**WORK ORDER**
Return the stretch from the line with "Quando invece si" through the line with "Step out in" in the data below, character for character, skipping all pictures.

**MATERIAL PROVIDED**
####
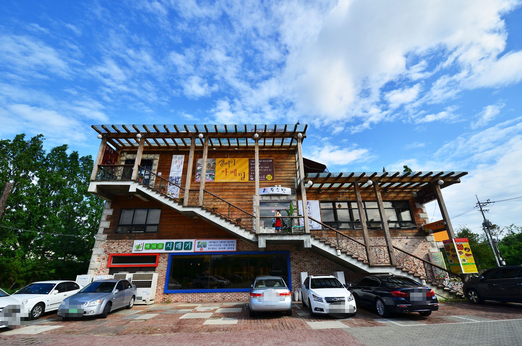 애니골 윗길 아랫길이 있는 사거리에서 우회전하면 1층에 애니골 시래기건물이 보이고 카페는 3층에 위치하고 있습니다.
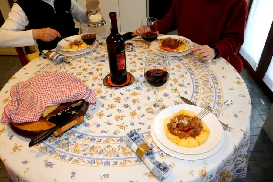 Quando invece si stava un po' meglio, ecco che alla polenta si univano tante altre cose. I più abbienti ci mettevano le salsicce piuttosto che un ottimo spezzatino se non addirittura della caccia.
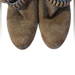 Step out in style with these Sam Edelman ankle booties, crafted in a sophisticated brown suede. The standout chain harness adds a unique touch, and a western feel, while the low chunky heel ensures comfort for all-day wear. Perfect for any occasion.
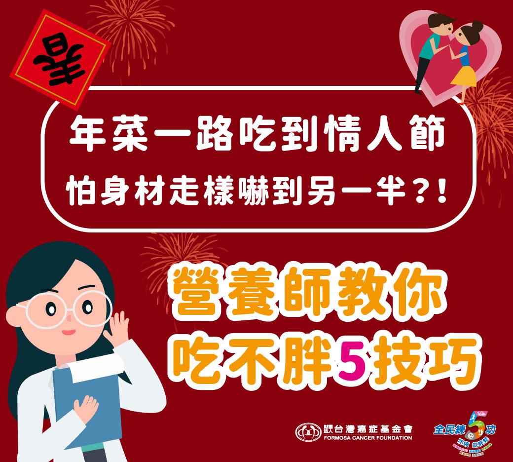 今年過年來的晚,年假最後一天適逢情人節,與家人聚餐、戀人約會免不了大吃大喝,但也因此攝取過多的熱量,看著各式美味,甚麼都不敢吃,也太折磨人!台灣癌症基金會營養師徐桂婷分享5招吃不胖技巧,安心吃,避免過年團圓,肚肚也團圓!
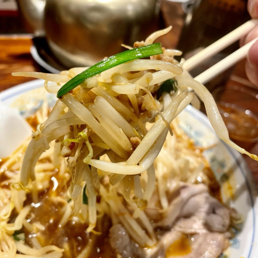 具材はチャーシュー・もやし・ニラ・ミンチ・糸唐辛子、要するに炒め野菜が上にドンと載っているみたいですね。
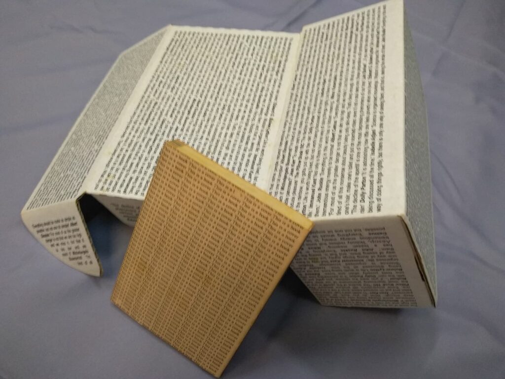 而 “This is a box. This is a book. ” 則是一個沒有裝內容物,但表面佈滿文字的空盒,空盒就是書,書就是空盒。兩者都顛覆了書原有的概念。
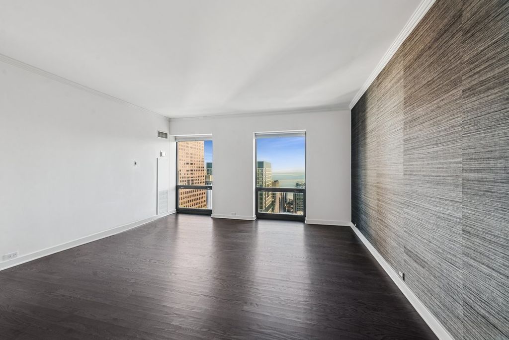 Rare northeast corner residence with sweeping lake and skyline views from every room. Just steps from Michigan Avenue and the Magnificent Mile, this split 2-bedroom, 2-bath home offers light-filled living in an unbeatable location. Hardwood floors run throughout the spacious layout. The kitchen offers generous storage and workspace with granite counters and stainless steel appliances. The primary suite features a walk-in closet and marble bath, while the second bedroom-framed by French doors works beautifully as a guest room, office, or den. Full-service amenity building includes: 24-hour door staff, Indoor pool, Fitness center, Outdoor terrace, Valet dry cleaning Assessments include heat, air conditioning, cable, and internet. Pet-friendly building (2 pets, no weight limit). Ideal as a primary residence or an in-town retreat, moments from the lakefront, dining, shopping, and entertainment. 2 Pets No Weight limit. Live in a Premier Building Steps from World Class Dining, Shopping and Entertainment. Great as a Primary Home or In Town Pied-A-Terre.
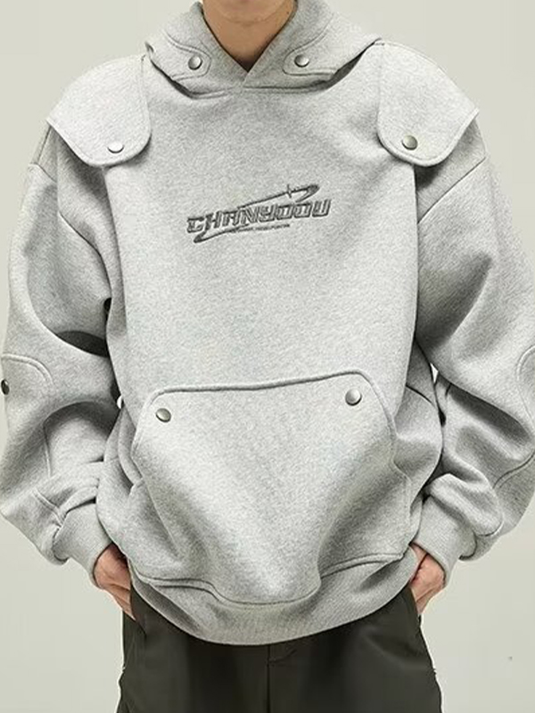 Übergroßer Kapuzenpullover mit langen Ärmeln und dunklem Print für Herren
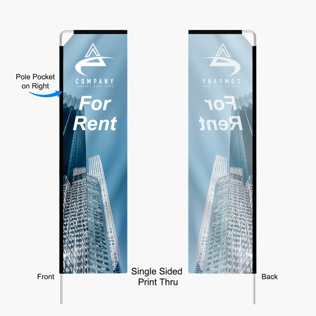 Single sided Print Thru Reverse flag graphic with black nylon pole sleeve to the right of the print when viewed from the front
####
**RESULT FOR THIS EXERCISE**
 Quando invece si stava un po' meglio, ecco che alla polenta si univano tante altre cose. I più abbienti ci mettevano le salsicce piuttosto che un ottimo spezzatino se non addirittura della caccia.
 Step out in style with these Sam Edelman ankle booties, crafted in a sophisticated brown suede. The standout chain harness adds a unique touch, and a western feel, while the low chunky heel ensures comfort for all-day wear. Perfect for any occasion.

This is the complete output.